- Your instructions
When you reach the line containing "また、世界でもっとも長く人口" in the entries below, begin reproducing lines exactly, and stop once the line containing "BUILT IN 2017!" is done.

- Data to use
[Start of section]

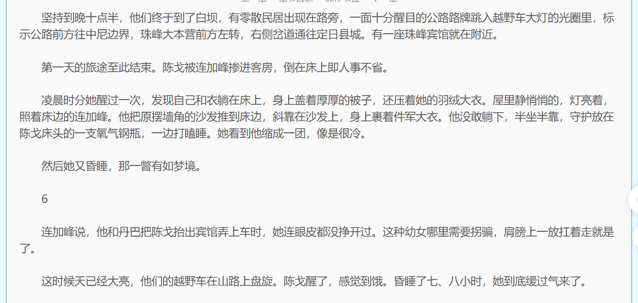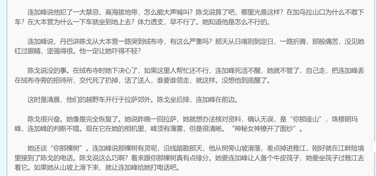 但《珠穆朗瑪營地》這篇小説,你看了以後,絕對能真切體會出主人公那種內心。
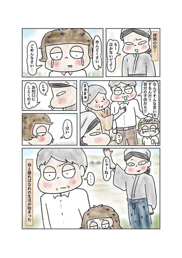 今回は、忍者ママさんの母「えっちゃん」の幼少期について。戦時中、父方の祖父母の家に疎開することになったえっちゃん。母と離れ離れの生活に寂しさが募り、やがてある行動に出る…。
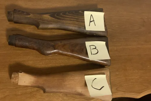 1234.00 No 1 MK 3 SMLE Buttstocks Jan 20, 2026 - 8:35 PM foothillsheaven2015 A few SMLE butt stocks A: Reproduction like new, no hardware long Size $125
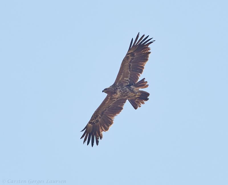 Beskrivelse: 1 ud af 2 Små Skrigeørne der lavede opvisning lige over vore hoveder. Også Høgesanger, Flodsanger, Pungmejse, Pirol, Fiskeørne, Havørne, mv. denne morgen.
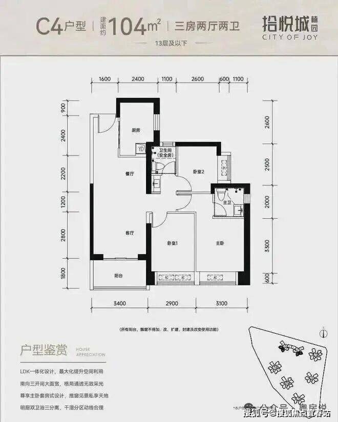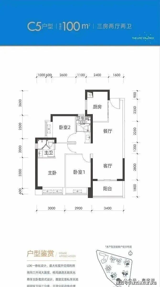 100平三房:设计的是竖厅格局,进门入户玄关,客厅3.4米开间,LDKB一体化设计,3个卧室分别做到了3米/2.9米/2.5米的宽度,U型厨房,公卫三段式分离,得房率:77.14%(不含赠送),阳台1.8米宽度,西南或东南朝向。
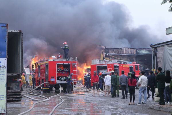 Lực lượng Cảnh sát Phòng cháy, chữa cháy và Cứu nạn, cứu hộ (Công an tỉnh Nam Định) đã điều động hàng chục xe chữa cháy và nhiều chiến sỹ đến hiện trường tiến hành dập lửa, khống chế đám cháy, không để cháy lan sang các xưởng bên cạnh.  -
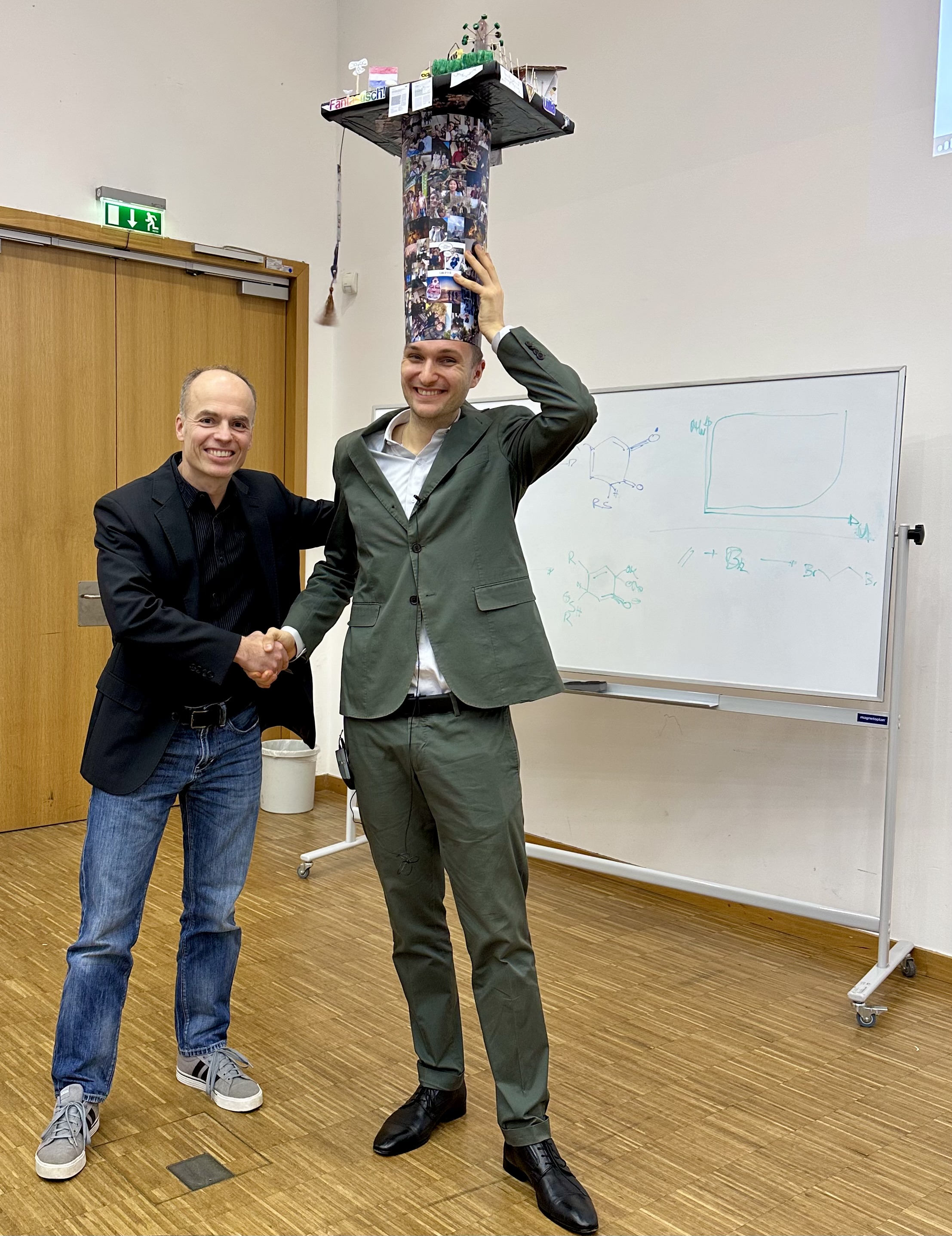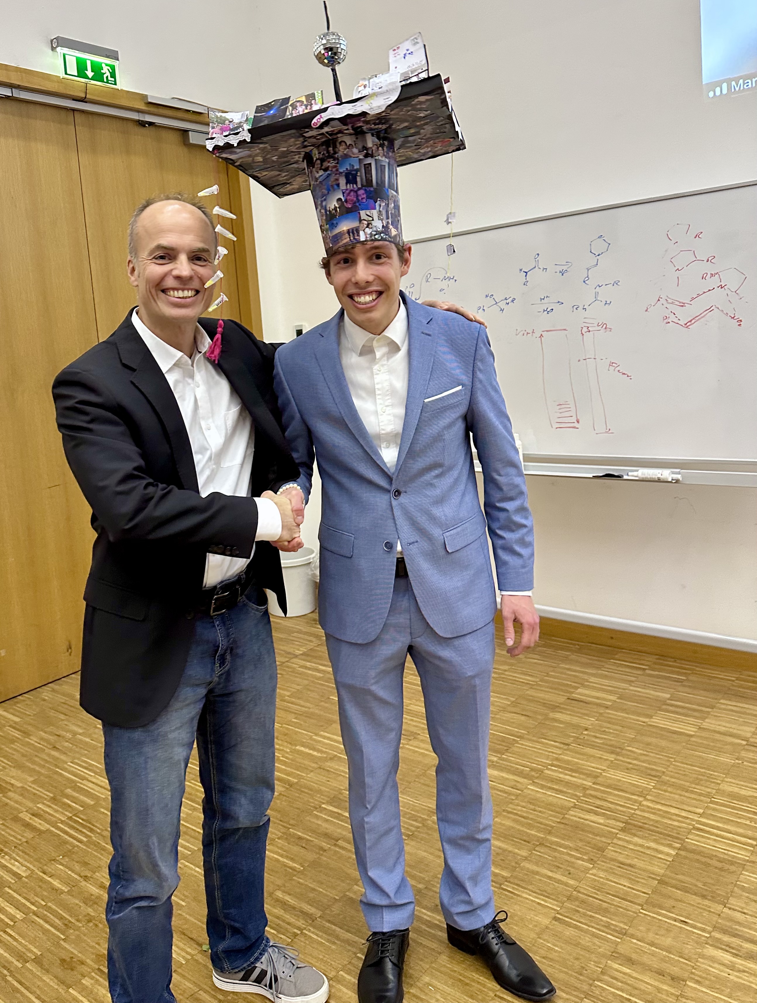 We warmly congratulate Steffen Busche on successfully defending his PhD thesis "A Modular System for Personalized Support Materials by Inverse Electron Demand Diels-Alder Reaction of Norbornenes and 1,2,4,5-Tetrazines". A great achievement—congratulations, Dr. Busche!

[End of section]
[Start of section]

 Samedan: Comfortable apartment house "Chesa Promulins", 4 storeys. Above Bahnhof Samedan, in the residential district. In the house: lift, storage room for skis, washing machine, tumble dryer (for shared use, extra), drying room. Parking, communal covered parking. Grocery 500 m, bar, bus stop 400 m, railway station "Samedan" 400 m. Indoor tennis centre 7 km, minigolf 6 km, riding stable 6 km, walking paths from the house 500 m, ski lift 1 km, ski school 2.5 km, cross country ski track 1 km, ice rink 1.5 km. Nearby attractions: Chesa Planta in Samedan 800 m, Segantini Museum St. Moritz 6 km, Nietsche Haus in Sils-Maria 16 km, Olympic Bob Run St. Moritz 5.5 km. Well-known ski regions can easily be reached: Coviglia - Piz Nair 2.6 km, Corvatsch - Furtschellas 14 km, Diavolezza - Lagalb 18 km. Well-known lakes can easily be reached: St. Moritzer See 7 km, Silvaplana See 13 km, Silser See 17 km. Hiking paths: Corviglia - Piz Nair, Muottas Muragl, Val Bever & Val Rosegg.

[End of section]
[Start of section]

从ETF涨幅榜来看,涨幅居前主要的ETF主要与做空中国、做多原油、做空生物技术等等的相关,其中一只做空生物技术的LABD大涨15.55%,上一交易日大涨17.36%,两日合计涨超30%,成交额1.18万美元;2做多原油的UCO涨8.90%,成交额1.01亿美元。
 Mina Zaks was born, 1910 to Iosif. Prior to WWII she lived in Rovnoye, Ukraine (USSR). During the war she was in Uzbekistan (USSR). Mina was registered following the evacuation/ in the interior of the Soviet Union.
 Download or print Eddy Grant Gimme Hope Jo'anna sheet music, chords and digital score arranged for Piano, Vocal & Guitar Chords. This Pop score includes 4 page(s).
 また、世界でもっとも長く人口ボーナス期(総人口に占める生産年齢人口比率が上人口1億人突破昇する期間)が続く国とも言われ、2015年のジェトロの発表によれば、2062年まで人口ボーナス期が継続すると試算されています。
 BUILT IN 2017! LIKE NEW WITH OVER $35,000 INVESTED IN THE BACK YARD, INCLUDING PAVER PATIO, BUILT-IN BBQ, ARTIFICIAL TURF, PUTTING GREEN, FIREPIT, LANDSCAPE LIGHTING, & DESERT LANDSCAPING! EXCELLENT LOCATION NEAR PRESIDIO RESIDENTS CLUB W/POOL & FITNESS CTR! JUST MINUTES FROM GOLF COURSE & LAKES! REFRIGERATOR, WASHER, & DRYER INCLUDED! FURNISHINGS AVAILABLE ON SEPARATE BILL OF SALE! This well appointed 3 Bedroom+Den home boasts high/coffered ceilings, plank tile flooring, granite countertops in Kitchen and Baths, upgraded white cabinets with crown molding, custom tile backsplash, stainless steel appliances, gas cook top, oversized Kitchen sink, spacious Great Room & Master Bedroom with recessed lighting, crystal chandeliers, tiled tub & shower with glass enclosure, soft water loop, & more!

[End of section]

- Task answer
 また、世界でもっとも長く人口ボーナス期(総人口に占める生産年齢人口比率が上人口1億人突破昇する期間)が続く国とも言われ、2015年のジェトロの発表によれば、2062年まで人口ボーナス期が継続すると試算されています。
 BUILT IN 2017! LIKE NEW WITH OVER $35,000 INVESTED IN THE BACK YARD, INCLUDING PAVER PATIO, BUILT-IN BBQ, ARTIFICIAL TURF, PUTTING GREEN, FIREPIT, LANDSCAPE LIGHTING, & DESERT LANDSCAPING! EXCELLENT LOCATION NEAR PRESIDIO RESIDENTS CLUB W/POOL & FITNESS CTR! JUST MINUTES FROM GOLF COURSE & LAKES! REFRIGERATOR, WASHER, & DRYER INCLUDED! FURNISHINGS AVAILABLE ON SEPARATE BILL OF SALE! This well appointed 3 Bedroom+Den home boasts high/coffered ceilings, plank tile flooring, granite countertops in Kitchen and Baths, upgraded white cabinets with crown molding, custom tile backsplash, stainless steel appliances, gas cook top, oversized Kitchen sink, spacious Great Room & Master Bedroom with recessed lighting, crystal chandeliers, tiled tub & shower with glass enclosure, soft water loop, & more!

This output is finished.